EAGER: Spatio-temporal Variability of Microplastics in Ocean and River Cores using Fluorescence Microscopy

Lead PI: Dr. Marco Tedesco

Unit Affiliation: Marine and Polar Geophysics, Lamont-Doherty Earth Observatory (LDEO)

April 2020 - March 2021
North America ; Hudson River ; Long Island Sound
Project Type: Research

DESCRIPTION: During this project, how microplastics accumulate within sediments along the eastern U.S. coastal setting will be investigated. This study will be the first of its kind to use fluorescent microscopy techniques to quantify plastic deposition over time in sediment cores from the Hudson River and Long Island Sound to farther offshore. Results will provide information about how microplastics get transported from their sources to the ocean and how fast they accumulate in sediments. With a better understanding of microplastic accumulation, more reliable computer models can be constructed to predict how sediment layers are generated as well as the future distribution of microplastics and their impact in the coastal environment. This project will promote the training and professional growth of junior scientists and graduate students from Columbia University as well as nearby high school students.

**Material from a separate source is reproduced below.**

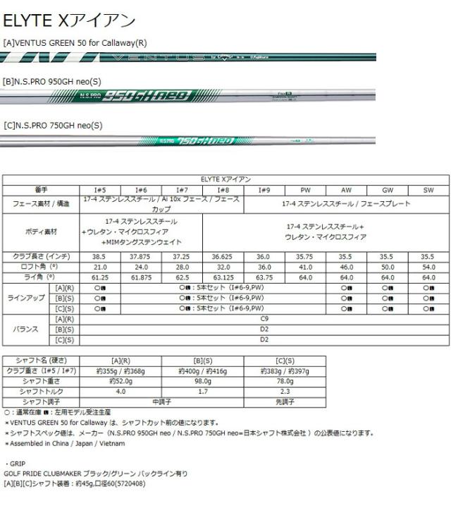 キャロウェイ ELYTE X アイアン 単品(I#5、AW、GW、SW)NS PRO 950GH neo(S)/NS PRO 750GH neo(S)スチールシャフト 2025年モデル[日本仕様][Callaway][エリート エックス]

This study investigates the spatio-temporal variability microplastics accumulating in sediments within a transect of cores from the Hudson River, Long Island Sound and nearshore ocean within 50 km of the coast. Microplastics will be identified through fluorescence microscopy after staining with a lipid soluble fluorescent dye. Chronostratigraphic data already available on these cores will be used to constrain age estimates and allow quantitative comparison of microplastic accumulation during the last century. In particular, the following hypotheses will be tested: a) vertically-integrated concentrations of microplastics differ for samples collected nearby large urban environments (e.g., cities) vs. those collected in open ocean, with concentrations increasing as we get closer to cities; and b) microplastic concentrations began accumulating around 1950 and have been increasing at an exponential rate over the past few decades. Results from this project will provide basic data needed to understand natural processes that control the transport and distribution of microplastic particulates over time and to develop models that predict their future microplastic concentrations in the oceanic sedimentary environment.